Do I risk the backlash and trouble that will come if I tell other family members (in the home) or do I keep it to myself and do nothing? I am frightened and worried that the situation will come to a head again like last time and I know that it will destroy the family. I am at a loss, I know I probably shouldn't have looked but felt I needed to as I needed to know what was going on.

OP posts:
MooFeatures · 11/09/2018 23:54

I personally wouldn't open that can of worms... there'll be worms everywhere, and I find that's rarely a positive.

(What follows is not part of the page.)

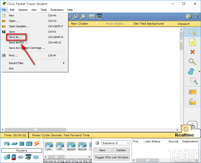 cisco packet tracer是一个功能强大的网络仿真程序,学生在该程序中可以尝试网络行为,不仅可以在程序中修改工作区的大小,还可以自动为接口名称创建标签以及将所有工作区导出为图片格式,功能非常具有特色。很多小伙伴在使用这款软件时,利用软件做了许多的操作后,发现不知道如何将文件进行保存。其实这款软件保存文件的方法很简单,只需要几个步骤就能完成。那么接下来小编就给大家详细介绍一下cisco packet tracer保存文件的具体操作方法,有需要的朋友可以看一看。

AnnieAnoniMoose · 12/09/2018 00:00

How old are they?

Raven88 · 12/09/2018 00:03

This person is most likely an addict and will only stop on their terms. I would let someone he lives with know just so they can keep an eye on things.

doisayornot · 12/09/2018 00:05

@AnnieAnoniMoose they are 22

OP posts:
Lalliella · 12/09/2018 00:18

Drugs can destroy a family, and keeping a secret could destroy you. I would tell someone OP, but whether it is family member, all of family, or just a selected one of family, is difficult to know, possibly only you can decide.

I am sorry you are in this situation, it is horrible. Our family have had the same thing with a family member for many years Flowers

AnnieAnoniMoose · 12/09/2018 00:28

22 - yes. You need to tell the calmest & most level headed person who can help them. It’s going to be hard, but the 22 year old needs help (not condemnation) and the homeowner needs to know what trouble what trouble could be about to knock on their door. Plus, if there are other youngsters living in the home, they need to be looked out for.

Stillme1 · 12/09/2018 00:36

If you don't tell members of the family you could lose the trust and respect of the family when they do find out

PaulHollywoodsleftbollockhair · 12/09/2018 00:37

Yes.

Jux · 12/09/2018 00:42

Agree with Annie. While not a user myself, I have had more to do with them than I ever wanted or expected to. Tell family and maybe they can do something which will help.

notangelinajolie · 12/09/2018 00:43

If telling other family members would open a can or worms then I think you should try to help the family member yourself.

kidsneedfathers · 12/09/2018 02:02

To tell or not to tell? Tough one. Remember as the ladies said before me: the family trusted you to keep an eye. I believe you must tell. However before telling speak to relate to find out how you can do it in the best wsy. Maybe try to find out what help is available for him. Anyway remember if you do not tell it is likely that he will be deeper and deeper in drugs and debts-he might even become violent toward the family, he might steal etc...so think how to help him if you can but remember that the family also deserves to be helped ; you must eventually let them know about the sad reality and how best to cope with it . The earlier the better IMHO...but please talk to experts who deal with addicted in the matter first ...Good Luck...not easy...what huge responsibility they set upon you!

BlueBug45 · 12/09/2018 02:10

Yes you do tell family members but only the ones you know are level headed, and who will seek to point the addict in the right direction while protecting the more vunerable ones they live with.